Stored items from a collection
▬▬▬
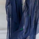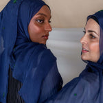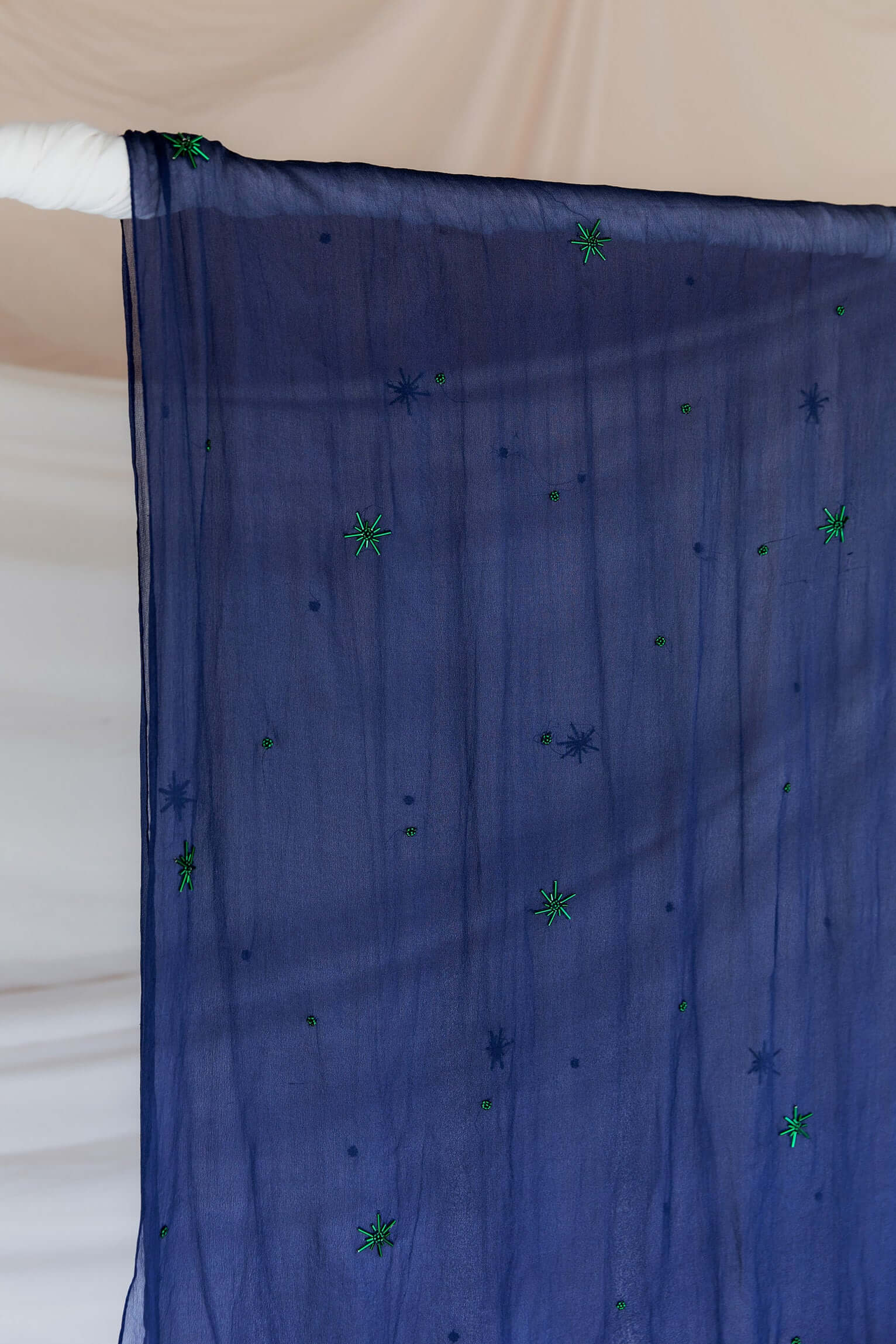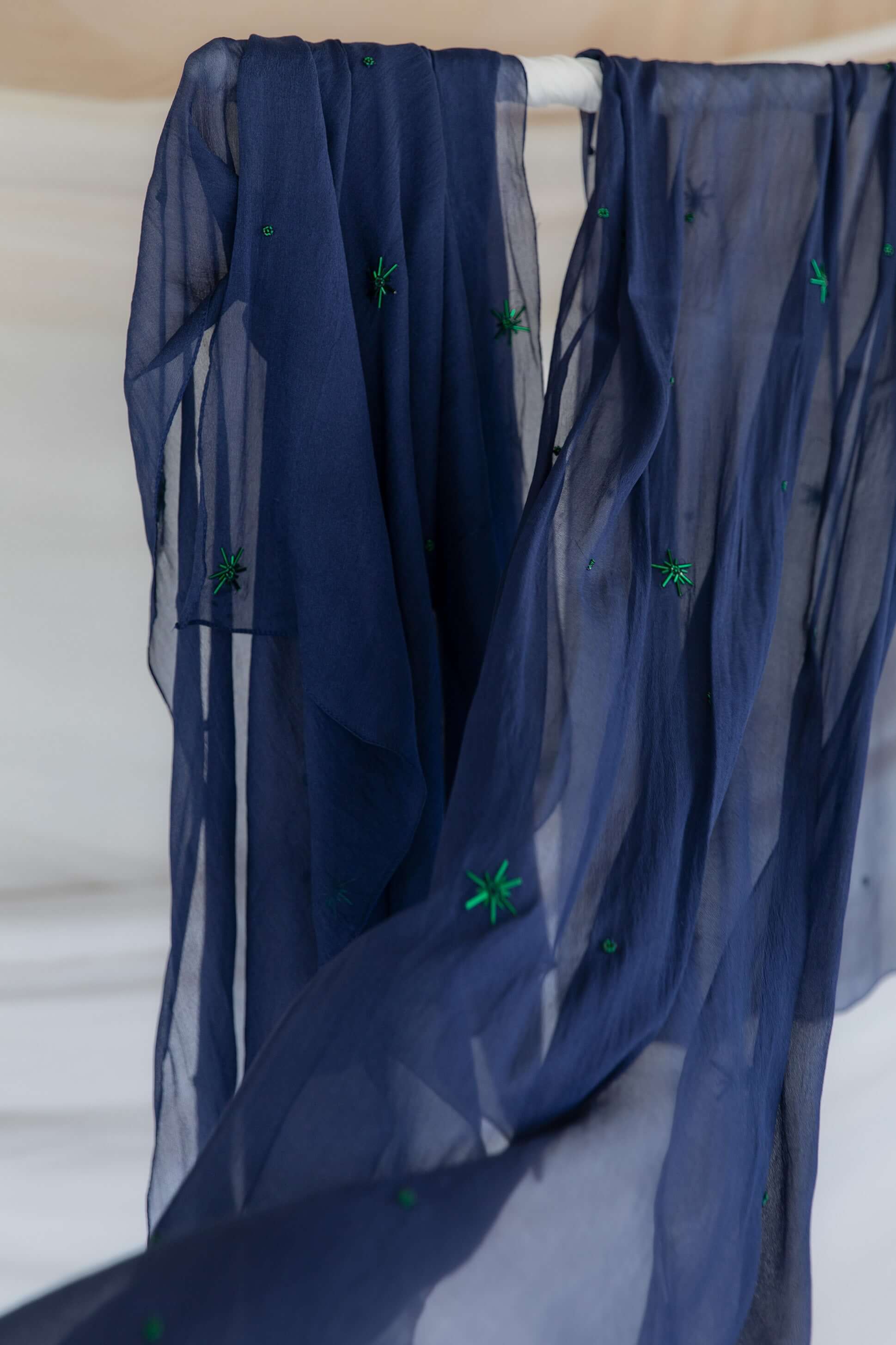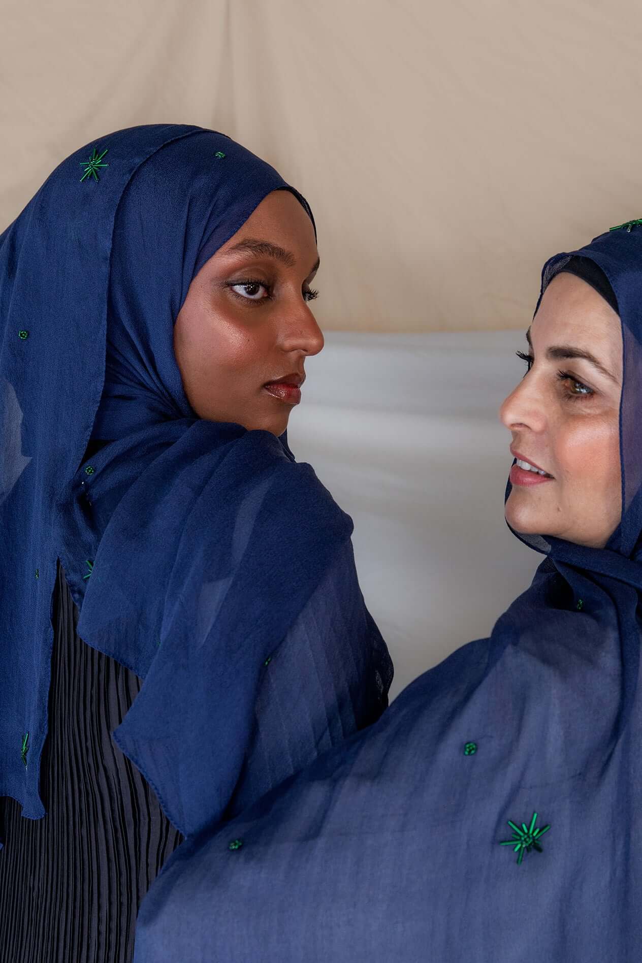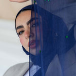 Stargazer Navy Blue: When a formal hijab is so pretty you want to wear it every day. Classic blue silk crepe fabric is artfully embroidered with emerald green starbursts that contrast beautifully. Explore the elegance of the Stargazer navy blue hijab, and discover complementary styles like the Rose Gold hijab and Serenity blue Vela for a complete, sophisticated look.
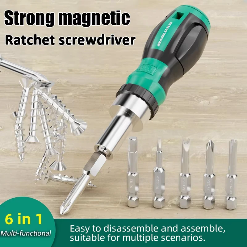 Tournevis à cliquet magnétique puissant 6 en 1, tournevis à fente croisée multifonction, outil manuel permettant d'économiser du travail pour un usage domestique
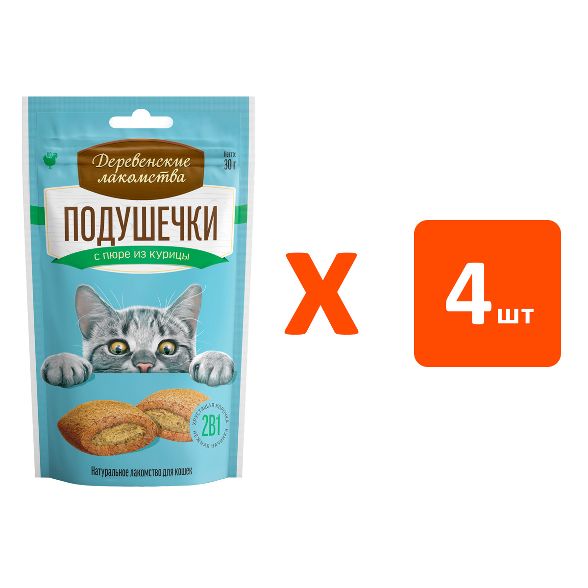Лакомства для кошек ДЕРЕВЕНСКИЕ подушечки с пюре из курицы 30 гр (1 шт х 4)
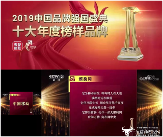 12月15日,在中央广播电视总台品牌强国盛典活动中,中国移动斩获“2019十大年度榜样品牌”。
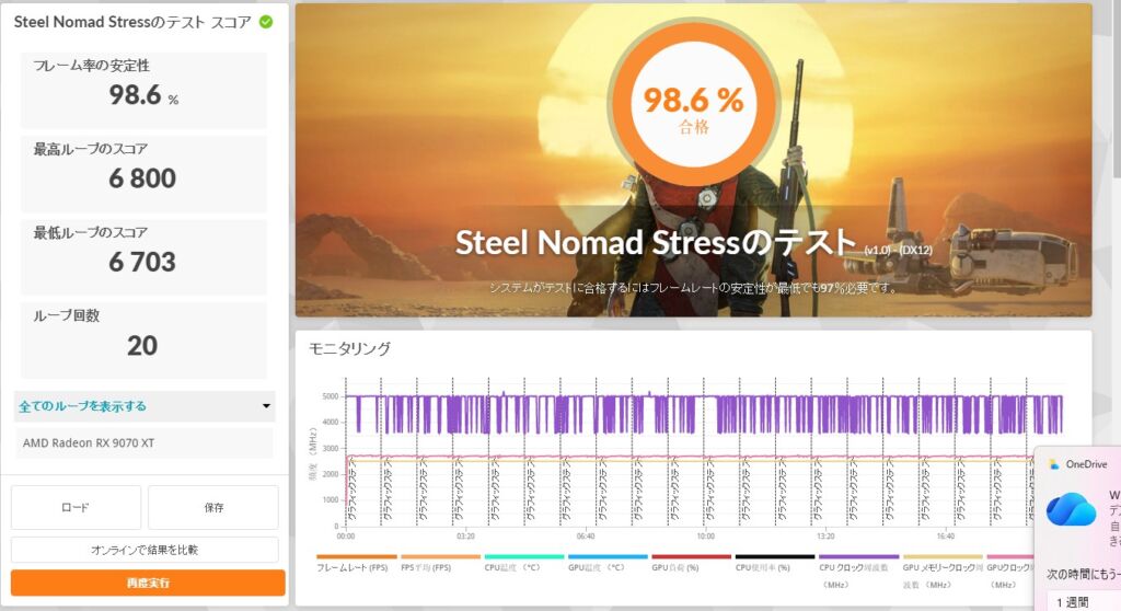 3DMarkの**Steel Nomad Stress Test(20ループ)を実施した結果、
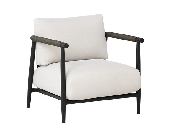 Sleek and thoughtful, the Muros Lounge Chair is an ideal choice for your outdoor space. An all-weather black aluminum frame showcases a beautiful faux rattan waterfall back design with clean lines and luxurious cushions covered in palazzo cream fabric.
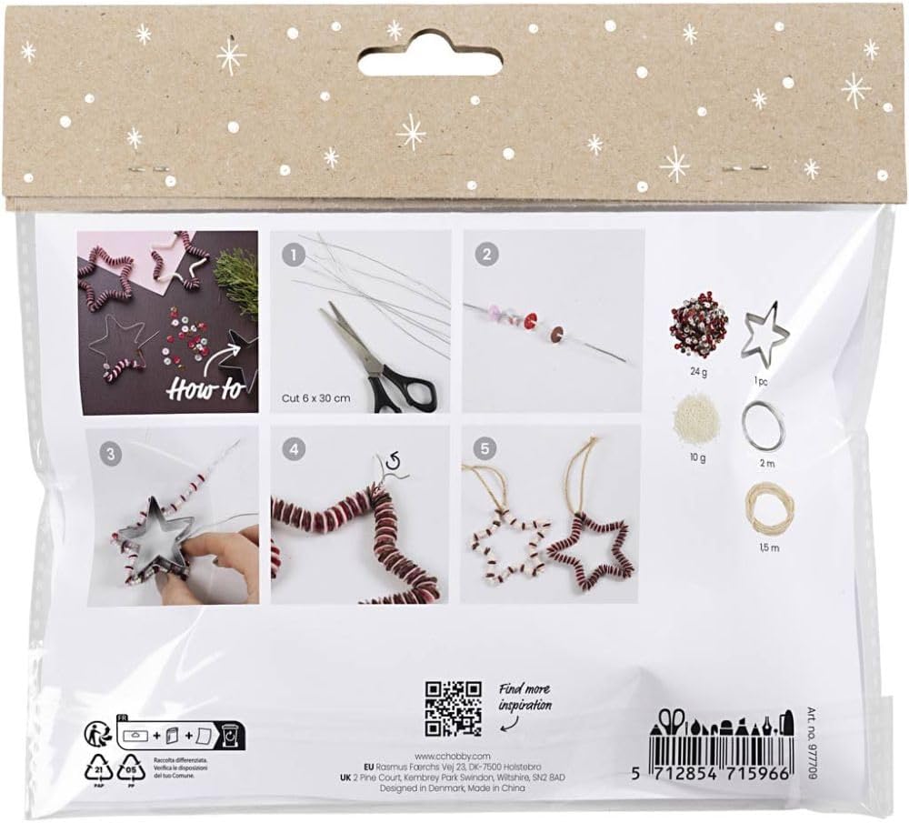 Mini kit di decorazioni per bricolage Con questo kit puoi realizzare stelle di Natale colorate con paillettes e perline. Contiene materiali per sei stelle e tutte le istruzioni necessarie
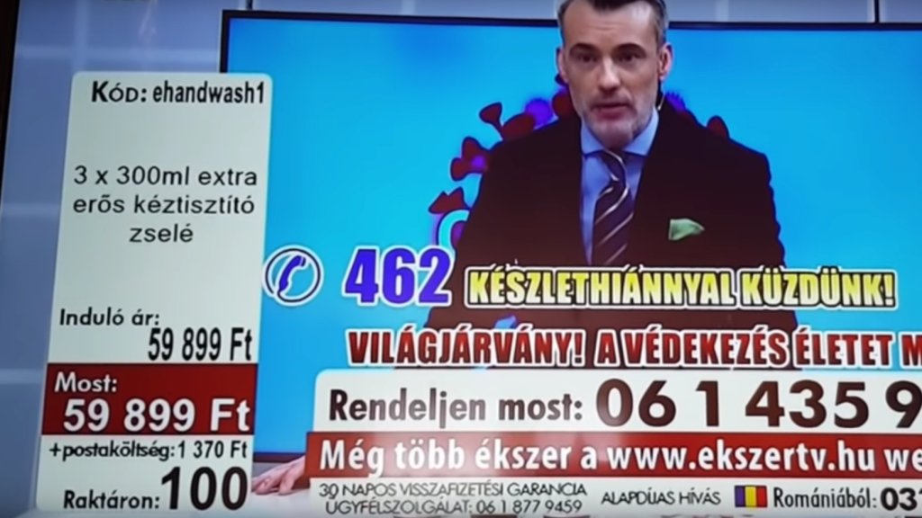 60 ezer forint volt az induló ára három kézfertőtlenítőnek a tévében
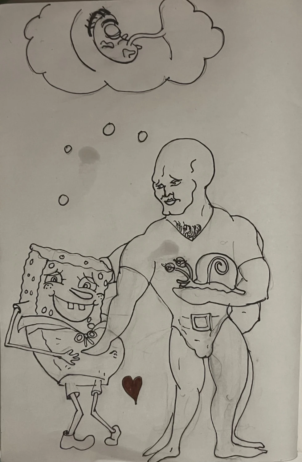 This is glorious. So many details to take in; handsome squidward, SpongeBob’s expression, Gary’s eyelashes, how dainty and peaceful little fetus plankton looks.
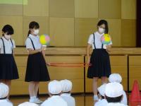 9月14日(火)クラブ活動がありました。運動クラブに,国下町の小杉啓介さんが来てくださり、ハンドベースボールの指導をしてくださいました。子どもたちはとても楽しく学べたようです。
▬▬▬
Task to complete
Please hand back every entry above exactly, with no images in the copy.

Finished exercise
 Stargazer Navy Blue: When a formal hijab is so pretty you want to wear it every day. Classic blue silk crepe fabric is artfully embroidered with emerald green starbursts that contrast beautifully. Explore the elegance of the Stargazer navy blue hijab, and discover complementary styles like the Rose Gold hijab and Serenity blue Vela for a complete, sophisticated look.
 Tournevis à cliquet magnétique puissant 6 en 1, tournevis à fente croisée multifonction, outil manuel permettant d'économiser du travail pour un usage domestique
Лакомства для кошек ДЕРЕВЕНСКИЕ подушечки с пюре из курицы 30 гр (1 шт х 4)
 12月15日,在中央广播电视总台品牌强国盛典活动中,中国移动斩获“2019十大年度榜样品牌”。
 3DMarkの**Steel Nomad Stress Test(20ループ)を実施した結果、
 Sleek and thoughtful, the Muros Lounge Chair is an ideal choice for your outdoor space. An all-weather black aluminum frame showcases a beautiful faux rattan waterfall back design with clean lines and luxurious cushions covered in palazzo cream fabric.
 Mini kit di decorazioni per bricolage Con questo kit puoi realizzare stelle di Natale colorate con paillettes e perline. Contiene materiali per sei stelle e tutte le istruzioni necessarie
 60 ezer forint volt az induló ára három kézfertőtlenítőnek a tévében
 This is glorious. So many details to take in; handsome squidward, SpongeBob’s expression, Gary’s eyelashes, how dainty and peaceful little fetus plankton looks.
 9月14日(火)クラブ活動がありました。運動クラブに,国下町の小杉啓介さんが来てくださり、ハンドベースボールの指導をしてくださいました。子どもたちはとても楽しく学べたようです。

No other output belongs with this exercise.